#### Input records ####

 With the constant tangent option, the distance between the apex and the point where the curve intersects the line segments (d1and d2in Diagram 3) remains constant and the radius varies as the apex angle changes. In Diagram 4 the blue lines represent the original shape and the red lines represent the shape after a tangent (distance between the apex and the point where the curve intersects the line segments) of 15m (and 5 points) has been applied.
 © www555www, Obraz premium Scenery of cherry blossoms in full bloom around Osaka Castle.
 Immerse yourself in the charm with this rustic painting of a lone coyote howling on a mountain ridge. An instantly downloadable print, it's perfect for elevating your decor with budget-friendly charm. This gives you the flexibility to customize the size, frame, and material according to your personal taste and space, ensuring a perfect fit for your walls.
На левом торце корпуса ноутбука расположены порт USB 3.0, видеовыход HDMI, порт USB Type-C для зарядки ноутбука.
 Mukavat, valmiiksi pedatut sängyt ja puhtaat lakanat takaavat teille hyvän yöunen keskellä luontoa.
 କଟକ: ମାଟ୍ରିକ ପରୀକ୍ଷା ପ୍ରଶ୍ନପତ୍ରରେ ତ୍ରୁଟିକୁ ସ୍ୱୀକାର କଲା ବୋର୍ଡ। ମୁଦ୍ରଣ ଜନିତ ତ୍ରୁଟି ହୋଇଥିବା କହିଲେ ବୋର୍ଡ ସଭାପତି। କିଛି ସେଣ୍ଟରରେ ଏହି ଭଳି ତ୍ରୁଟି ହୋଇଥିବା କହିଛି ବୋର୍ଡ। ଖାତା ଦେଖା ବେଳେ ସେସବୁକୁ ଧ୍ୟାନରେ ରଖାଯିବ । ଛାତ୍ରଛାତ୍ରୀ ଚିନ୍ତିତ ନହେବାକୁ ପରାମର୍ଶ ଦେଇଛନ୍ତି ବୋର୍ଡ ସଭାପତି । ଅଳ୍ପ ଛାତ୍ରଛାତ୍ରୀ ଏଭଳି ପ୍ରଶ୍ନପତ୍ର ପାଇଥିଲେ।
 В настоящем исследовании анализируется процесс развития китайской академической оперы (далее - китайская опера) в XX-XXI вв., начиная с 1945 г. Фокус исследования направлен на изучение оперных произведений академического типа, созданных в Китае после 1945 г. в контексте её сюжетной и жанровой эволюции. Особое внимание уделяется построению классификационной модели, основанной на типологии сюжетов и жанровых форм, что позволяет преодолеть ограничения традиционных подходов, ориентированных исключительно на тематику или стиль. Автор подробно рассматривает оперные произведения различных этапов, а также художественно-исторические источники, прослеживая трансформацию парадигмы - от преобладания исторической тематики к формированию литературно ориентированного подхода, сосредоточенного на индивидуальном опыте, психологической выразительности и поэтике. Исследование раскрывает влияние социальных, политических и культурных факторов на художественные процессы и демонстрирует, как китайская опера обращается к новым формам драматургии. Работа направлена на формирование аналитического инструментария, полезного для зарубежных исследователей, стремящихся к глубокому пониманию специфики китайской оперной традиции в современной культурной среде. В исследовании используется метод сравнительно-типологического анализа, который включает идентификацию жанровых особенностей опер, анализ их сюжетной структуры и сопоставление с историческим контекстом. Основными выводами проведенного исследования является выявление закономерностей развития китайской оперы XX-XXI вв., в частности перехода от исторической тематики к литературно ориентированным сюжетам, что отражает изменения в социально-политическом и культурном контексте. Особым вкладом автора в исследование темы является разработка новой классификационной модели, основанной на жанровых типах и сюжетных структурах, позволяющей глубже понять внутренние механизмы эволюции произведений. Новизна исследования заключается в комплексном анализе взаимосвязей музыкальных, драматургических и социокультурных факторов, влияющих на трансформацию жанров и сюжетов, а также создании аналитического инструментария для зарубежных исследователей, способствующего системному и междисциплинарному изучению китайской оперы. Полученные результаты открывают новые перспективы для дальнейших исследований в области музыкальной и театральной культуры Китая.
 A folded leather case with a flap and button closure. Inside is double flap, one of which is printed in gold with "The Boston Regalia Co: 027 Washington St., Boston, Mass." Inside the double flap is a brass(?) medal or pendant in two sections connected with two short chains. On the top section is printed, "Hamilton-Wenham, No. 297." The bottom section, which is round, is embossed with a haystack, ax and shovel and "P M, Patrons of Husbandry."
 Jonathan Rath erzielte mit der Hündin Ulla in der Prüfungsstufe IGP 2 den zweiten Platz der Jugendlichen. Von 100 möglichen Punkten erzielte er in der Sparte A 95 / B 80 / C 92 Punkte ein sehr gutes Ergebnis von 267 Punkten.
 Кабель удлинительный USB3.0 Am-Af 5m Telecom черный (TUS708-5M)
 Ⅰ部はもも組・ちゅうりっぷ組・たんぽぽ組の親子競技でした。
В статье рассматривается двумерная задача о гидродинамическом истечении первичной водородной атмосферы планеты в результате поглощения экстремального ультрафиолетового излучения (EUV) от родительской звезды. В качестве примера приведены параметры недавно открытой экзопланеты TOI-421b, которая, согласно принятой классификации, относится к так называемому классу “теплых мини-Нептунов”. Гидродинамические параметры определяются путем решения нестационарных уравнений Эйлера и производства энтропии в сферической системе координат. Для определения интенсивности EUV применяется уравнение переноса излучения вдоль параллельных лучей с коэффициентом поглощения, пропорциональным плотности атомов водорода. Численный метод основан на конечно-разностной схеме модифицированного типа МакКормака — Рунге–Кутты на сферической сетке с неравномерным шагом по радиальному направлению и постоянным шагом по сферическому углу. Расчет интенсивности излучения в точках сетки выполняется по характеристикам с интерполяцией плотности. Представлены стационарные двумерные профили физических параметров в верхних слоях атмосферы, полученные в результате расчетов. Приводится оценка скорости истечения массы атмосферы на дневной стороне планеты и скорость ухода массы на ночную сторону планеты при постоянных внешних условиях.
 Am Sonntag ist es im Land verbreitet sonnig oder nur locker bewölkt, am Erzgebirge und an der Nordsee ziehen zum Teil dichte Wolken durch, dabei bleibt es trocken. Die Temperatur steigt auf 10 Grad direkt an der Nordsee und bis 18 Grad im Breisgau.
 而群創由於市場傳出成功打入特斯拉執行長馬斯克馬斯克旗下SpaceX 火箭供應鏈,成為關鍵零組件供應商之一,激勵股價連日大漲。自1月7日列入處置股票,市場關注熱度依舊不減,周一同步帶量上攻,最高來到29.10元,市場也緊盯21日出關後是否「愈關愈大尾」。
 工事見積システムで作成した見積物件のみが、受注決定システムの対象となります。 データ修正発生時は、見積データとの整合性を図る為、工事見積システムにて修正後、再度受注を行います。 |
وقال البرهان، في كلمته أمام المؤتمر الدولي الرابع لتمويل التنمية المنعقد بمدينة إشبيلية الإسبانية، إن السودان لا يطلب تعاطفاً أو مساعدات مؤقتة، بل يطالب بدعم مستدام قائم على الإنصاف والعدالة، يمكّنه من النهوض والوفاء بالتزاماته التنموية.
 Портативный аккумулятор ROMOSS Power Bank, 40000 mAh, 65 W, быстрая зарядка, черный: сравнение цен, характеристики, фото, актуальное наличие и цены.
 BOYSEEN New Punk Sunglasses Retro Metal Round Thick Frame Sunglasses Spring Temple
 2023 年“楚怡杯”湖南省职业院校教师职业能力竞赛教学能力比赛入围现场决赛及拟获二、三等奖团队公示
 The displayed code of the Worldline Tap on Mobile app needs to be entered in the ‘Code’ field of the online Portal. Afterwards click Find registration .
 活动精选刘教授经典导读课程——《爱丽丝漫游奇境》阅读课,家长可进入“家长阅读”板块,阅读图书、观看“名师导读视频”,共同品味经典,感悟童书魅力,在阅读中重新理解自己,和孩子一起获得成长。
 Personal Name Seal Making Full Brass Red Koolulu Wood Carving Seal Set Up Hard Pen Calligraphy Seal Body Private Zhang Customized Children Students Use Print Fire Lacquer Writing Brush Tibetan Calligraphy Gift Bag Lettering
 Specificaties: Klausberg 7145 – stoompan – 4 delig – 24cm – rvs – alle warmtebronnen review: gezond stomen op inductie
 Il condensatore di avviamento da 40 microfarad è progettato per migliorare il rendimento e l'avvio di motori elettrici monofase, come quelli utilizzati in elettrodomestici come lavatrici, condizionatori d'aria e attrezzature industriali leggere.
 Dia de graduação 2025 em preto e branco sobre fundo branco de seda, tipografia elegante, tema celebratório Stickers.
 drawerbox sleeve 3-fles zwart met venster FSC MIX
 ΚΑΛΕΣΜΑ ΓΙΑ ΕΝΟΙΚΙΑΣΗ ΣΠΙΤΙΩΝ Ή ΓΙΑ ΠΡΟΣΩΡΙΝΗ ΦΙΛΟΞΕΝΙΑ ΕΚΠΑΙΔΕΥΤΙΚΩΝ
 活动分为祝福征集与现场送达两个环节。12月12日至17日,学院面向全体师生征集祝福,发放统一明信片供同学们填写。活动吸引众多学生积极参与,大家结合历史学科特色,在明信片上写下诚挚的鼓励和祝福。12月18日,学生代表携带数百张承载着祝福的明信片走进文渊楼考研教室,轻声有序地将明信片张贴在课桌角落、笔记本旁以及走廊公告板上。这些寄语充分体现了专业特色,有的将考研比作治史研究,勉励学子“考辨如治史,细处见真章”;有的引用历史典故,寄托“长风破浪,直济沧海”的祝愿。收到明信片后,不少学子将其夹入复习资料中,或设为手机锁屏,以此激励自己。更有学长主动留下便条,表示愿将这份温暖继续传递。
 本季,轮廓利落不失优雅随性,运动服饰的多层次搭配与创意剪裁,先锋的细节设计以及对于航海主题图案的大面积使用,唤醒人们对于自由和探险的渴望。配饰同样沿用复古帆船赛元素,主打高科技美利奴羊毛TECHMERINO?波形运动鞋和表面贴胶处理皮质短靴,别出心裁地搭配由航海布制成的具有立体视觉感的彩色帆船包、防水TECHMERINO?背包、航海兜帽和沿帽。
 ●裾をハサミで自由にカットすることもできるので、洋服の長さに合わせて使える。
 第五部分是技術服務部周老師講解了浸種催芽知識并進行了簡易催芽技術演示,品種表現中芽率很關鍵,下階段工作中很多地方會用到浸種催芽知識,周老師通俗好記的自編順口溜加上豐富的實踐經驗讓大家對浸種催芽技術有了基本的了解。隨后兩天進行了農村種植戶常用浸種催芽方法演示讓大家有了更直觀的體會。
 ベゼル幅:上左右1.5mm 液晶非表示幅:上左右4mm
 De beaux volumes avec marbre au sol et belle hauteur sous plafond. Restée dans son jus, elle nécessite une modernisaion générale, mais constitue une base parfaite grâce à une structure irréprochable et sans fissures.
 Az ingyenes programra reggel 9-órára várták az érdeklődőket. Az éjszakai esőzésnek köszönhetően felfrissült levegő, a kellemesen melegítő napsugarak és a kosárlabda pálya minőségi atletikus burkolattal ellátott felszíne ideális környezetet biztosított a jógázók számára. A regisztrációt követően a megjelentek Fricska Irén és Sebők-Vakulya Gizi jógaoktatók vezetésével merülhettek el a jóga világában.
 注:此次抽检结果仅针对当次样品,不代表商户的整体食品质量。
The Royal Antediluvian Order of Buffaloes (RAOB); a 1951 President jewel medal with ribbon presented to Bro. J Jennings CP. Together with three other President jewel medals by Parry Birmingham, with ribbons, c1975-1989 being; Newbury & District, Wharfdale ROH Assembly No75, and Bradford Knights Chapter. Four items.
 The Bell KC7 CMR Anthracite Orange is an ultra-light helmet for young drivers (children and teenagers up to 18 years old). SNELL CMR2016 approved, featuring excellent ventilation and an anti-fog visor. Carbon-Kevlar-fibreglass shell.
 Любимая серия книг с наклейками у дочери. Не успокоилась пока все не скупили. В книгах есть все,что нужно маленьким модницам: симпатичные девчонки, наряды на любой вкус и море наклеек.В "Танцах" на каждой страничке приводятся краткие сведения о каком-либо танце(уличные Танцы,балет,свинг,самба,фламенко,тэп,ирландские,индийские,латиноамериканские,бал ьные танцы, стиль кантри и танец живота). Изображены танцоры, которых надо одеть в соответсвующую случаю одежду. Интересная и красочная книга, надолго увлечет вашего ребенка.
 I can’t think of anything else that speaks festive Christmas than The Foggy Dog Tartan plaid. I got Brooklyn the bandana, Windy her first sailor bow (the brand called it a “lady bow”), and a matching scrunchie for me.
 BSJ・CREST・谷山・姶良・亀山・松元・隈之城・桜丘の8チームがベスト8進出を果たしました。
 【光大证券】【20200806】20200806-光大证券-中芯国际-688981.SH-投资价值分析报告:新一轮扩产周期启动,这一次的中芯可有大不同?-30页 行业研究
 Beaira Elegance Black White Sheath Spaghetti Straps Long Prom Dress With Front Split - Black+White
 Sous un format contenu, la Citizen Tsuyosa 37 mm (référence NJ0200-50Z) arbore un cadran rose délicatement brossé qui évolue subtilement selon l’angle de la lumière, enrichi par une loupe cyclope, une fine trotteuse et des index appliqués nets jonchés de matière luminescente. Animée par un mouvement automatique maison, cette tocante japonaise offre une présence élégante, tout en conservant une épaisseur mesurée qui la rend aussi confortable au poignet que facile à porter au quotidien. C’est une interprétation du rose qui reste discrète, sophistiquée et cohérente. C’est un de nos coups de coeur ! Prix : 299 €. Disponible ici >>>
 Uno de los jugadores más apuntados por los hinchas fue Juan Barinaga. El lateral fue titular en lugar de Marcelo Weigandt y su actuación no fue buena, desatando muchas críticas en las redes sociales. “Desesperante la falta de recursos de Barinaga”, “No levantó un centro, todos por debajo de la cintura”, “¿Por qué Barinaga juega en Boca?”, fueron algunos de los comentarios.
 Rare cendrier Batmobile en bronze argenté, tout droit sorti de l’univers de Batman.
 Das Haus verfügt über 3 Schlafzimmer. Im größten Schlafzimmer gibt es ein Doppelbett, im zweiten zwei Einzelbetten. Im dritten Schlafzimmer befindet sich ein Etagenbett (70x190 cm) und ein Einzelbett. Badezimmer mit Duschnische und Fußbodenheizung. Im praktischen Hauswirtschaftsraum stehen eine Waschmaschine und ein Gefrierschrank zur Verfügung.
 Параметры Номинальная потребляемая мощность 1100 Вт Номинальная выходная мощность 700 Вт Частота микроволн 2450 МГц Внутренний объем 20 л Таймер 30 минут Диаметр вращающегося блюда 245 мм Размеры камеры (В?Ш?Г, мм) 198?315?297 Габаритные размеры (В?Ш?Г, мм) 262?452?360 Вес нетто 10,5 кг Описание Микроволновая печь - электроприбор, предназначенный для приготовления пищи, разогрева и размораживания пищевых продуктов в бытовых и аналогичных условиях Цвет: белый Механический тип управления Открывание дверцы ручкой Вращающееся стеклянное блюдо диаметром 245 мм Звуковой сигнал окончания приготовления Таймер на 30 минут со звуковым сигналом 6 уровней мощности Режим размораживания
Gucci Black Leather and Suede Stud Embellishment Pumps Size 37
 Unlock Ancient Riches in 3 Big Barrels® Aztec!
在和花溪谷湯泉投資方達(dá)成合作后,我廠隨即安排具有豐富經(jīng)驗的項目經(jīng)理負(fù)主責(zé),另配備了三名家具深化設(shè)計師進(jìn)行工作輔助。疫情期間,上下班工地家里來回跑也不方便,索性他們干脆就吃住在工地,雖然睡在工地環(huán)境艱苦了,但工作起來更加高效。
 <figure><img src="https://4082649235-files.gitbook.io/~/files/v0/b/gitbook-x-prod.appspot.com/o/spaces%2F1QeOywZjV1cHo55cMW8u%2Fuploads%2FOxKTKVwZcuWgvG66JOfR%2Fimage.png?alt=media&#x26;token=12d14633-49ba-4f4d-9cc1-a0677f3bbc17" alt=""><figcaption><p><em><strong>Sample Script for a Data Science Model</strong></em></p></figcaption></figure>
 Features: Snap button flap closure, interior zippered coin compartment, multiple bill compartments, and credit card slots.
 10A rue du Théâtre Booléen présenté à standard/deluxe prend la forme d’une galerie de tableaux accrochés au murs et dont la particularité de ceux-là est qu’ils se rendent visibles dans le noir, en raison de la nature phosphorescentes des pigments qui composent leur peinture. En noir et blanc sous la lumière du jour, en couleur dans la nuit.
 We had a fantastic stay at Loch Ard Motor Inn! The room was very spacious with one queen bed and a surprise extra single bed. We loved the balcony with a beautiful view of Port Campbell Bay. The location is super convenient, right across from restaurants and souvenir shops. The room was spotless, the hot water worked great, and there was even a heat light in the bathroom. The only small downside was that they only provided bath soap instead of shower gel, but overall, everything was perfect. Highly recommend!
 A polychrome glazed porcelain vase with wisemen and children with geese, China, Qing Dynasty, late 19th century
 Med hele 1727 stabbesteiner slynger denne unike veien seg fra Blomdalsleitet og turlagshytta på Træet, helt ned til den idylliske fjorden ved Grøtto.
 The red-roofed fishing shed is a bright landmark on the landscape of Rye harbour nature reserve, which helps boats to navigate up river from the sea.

####

Problem to solve —
Return the number of lines in the data above that include the word "dans", and nothing else.

Your solution —
2